As directed by CERCLA [§104(i)(5)], ATSDR, in cooperation with EPA and the National Toxicology Program must evaluate the adequacy of scientific data for each of the 275 prioritized substances. Key gaps in scientific knowledge are to be filled through referral to EPA's authorities under the Toxic Substances Control Act and other mechanisms. The 117 key data gaps for the first 38 substances on the Priority List of Hazardous Substances were published in 1992. CERCLA directs that ATSDR work with EPA, National Toxicology Program, and industry to assure the initiation of applied research to fill identified data gaps. ATSDR has referred 60 key data gaps to EPA for handling under its Toxic Substances Control Act authorities. Some key data gaps are being filled by funding from ATSDR, as directed by Congress, through research grants to academic institutions in the Association of Minority Health Professions Schools and to academic and state health departments in support of health research mandated by the Great Lakes Critical Programs Act. Some data gaps will be filled voluntarily by private industry through arrangements with ATSDR.

Health Education

Turning to another of our mandates, CERCLA [§104(i)14] directs ATSDR to develop educational materials and provide training for medical colleges, physicians, and other health professionals. To this end, we have developed a series of monographs entitled Case Studies in Environmental Medicine to inform health care professionals of health effects caused by hazardous substances in the environment. Twenty documents are currently available; another 15 are in various stages of development. These self-instructional exercises in environmental medicine are designed to guide primary care practitioners through the diagnosis and treatment of illness in persons exposed to hazardous substances in the environment. The documents are prepared and peer reviewed with the assistance of physicians and other health care professionals, including representatives of a number of professional medical societies and associations.

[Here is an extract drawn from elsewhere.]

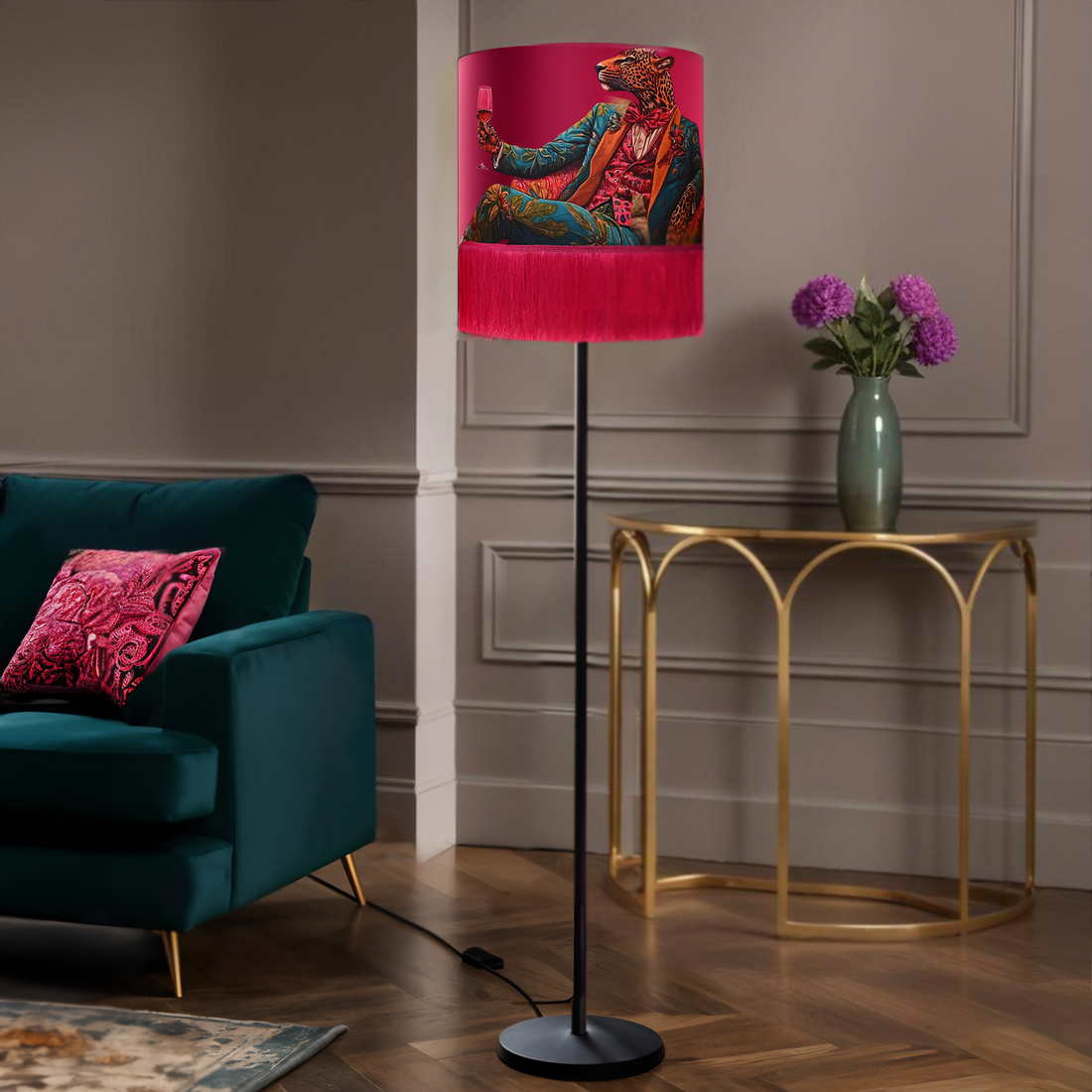 Gulaabi Sip - Sleek metal stand lamp crowned with a quirky pink pop Indian lampshade.

Since 1986, as part of our educational efforts, we have:

In closing, let me also note that ATSDR is one of eight agencies comprising the Public Health Service; we are the principal federal public health agency involved with hazardous waste issues. Our headquarters are in Atlanta. The ATSDR Administrator also serves as the Director of the Centers for Disease Control and Prevention (CDC). Recently, the Department has proposed to merge ATSDR with CDC under the President's Reinvention of Government plan. This merger will provide a more efficient administration of ATSDR's current CERCLA responsibilities. The merger will also improve the sharing of resources in epidemiology, toxicology, surveillance, and physician education that both agencies now possess. Legislation will be proposed to the Congress to effect this change. At that time, more specific details will be available to the Congress.

Mr. Chairman, this concludes my testimony. I will be pleased to answer questions.